The code contains two kinds of task logic, "-j SHM" is mmap a file, then read the above data to do some operations (file and its length by the-F and-n parameters to qualify); "-j Calc" is doing some arithmetic operations;


The "-T" parameter specifies the number of threads for the worker thread;


"-O" specifies the task load;


"-C" specifies the number of tasks that a single thread handles;


"-a" specifies whether to set sched_affinity and indicates that several "CPUs" are skipped to put a worker thread. For example, "-a 1″ indicates that the worker thread order is fixed to 1, 2, 3 、...... Number "CPU", and "-a 2″ is fixed at 2, 4, 6 、...... Number "CPU", and so on. It should be noted that the adjacent "CPU" number does not mean that the "CPU" is physically contiguous, such as on my test machine, a total of 24 "CPUs", the 0~11 number is the first hyper-threading of each core, 12~23 is the second hyper-thread. This detail needs to be read/proc/cpuinfo to determine.

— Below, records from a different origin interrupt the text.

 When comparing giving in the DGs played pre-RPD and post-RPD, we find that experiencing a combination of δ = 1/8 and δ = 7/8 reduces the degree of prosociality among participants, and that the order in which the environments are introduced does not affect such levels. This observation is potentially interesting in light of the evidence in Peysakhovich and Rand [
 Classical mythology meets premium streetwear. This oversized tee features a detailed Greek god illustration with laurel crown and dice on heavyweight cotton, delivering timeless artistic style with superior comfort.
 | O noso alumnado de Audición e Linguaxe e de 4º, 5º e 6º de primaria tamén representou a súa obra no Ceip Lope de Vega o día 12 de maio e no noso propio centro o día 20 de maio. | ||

The "-L" parameter specifies that the rating cond of our enhanced version is enabled, and the word 0~11 is used as the first priority, 12~23 as the second priority (of course, the need to match the "-a" parameter is practical, otherwise it is not sure what the "CPU" these worker all fall on);





First look at the problem with too many worker threads (the following case each runs 5 times minimum).

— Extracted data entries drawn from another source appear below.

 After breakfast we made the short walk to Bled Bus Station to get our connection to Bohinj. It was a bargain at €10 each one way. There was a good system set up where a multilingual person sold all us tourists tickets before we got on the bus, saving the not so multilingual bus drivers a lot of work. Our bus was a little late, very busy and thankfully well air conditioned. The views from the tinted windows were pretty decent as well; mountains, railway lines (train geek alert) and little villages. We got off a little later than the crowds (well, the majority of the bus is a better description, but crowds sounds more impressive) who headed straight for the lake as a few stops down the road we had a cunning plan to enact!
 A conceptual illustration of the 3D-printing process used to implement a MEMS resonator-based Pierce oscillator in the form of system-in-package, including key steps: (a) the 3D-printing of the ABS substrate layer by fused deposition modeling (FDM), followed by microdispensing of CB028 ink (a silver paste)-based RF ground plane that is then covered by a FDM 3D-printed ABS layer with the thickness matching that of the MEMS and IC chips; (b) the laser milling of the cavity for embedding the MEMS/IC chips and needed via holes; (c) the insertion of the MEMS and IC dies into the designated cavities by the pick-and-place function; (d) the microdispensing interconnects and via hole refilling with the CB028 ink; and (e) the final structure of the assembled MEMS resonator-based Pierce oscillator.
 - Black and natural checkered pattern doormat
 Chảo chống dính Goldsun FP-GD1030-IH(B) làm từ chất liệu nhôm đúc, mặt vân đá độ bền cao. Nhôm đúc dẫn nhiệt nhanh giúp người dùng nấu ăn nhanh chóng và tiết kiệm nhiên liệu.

Case-1, 240 worker threads, 24 task load:


$./a.out-j Calc-t 240-o 24


Total cost:23790


$./a.out-j Shm-t 240-o 24


Total cost:16827





Case-2, 24 worker threads, 24 task load:


$./a.out-j Calc-t 24-o 24


Total cost:23210


$./a.out-j Shm-t 24-o 24


Total cost:16121





Case-2 effect is significantly better. And if you look at it during the run, you'll find that the case-1 can only be pressed to about 2,200% of the CPU, while the case-2 can reach almost 2,400%.





On the basis of case-1, what if the kernel load balance is forbidden? Add affinity Try:





Case-3, 240 worker threads, 24 task loads, plus affinity:


$./a.out-j calc-t 240-o 24-a 1


Total cost:27170


$./a.out-j shm-t 240-o 24-a 1


Total cost:15351





The Calc task is more in line with expectations, and performance continues to decline without kernel load balance.


But the SHM task lets the people be surprised, the performance actually promoted! In fact, this task in addition to CPU is also very dependent on memory, because all tasks are working in the same file on the mmap, "CPU" close to more can play memory cache. (visible in this case, kernel load balance actually help the busy.) )


So, is it more desirable that we turn the worker thread back to 24?





Case-3 '


$./a.out-j shm-t 24-o 24-a 1


Total cost:15133





To look at the second question, the impact of worker thread positioning is uneven.





Case-4, 24 worker threads, 12 task load:


$./a.out-j CALC-T 24-o 12


Total cost:14686


$./a.out-j shm-t 24-o 12


Total cost:13265





Case-5, 24 worker threads, 12 task loads, add affinity, enable rating cond:


$./a.out-j calc-t 24-o 12-a 1-l


Total cost:12206


$./a.out-j shm-t 24-o 12-a 1-l


Total cost:12376





The effect is still good. Change the "-a" argument so that all two hyper-threads of the same core are given the same priority?





Case-5 '


$./a.out-j calc-t 24-o 12-a 2-l


Total cost:23510


$./a.out-j shm-t 24-o 12-a 2-l


Total cost:15063





Because of the scramble for CPU resources, the Calc task performance became very poor and nearly halved. and the SHM task due to the benefits of cache reuse, the situation is good (more than case-3 slightly better).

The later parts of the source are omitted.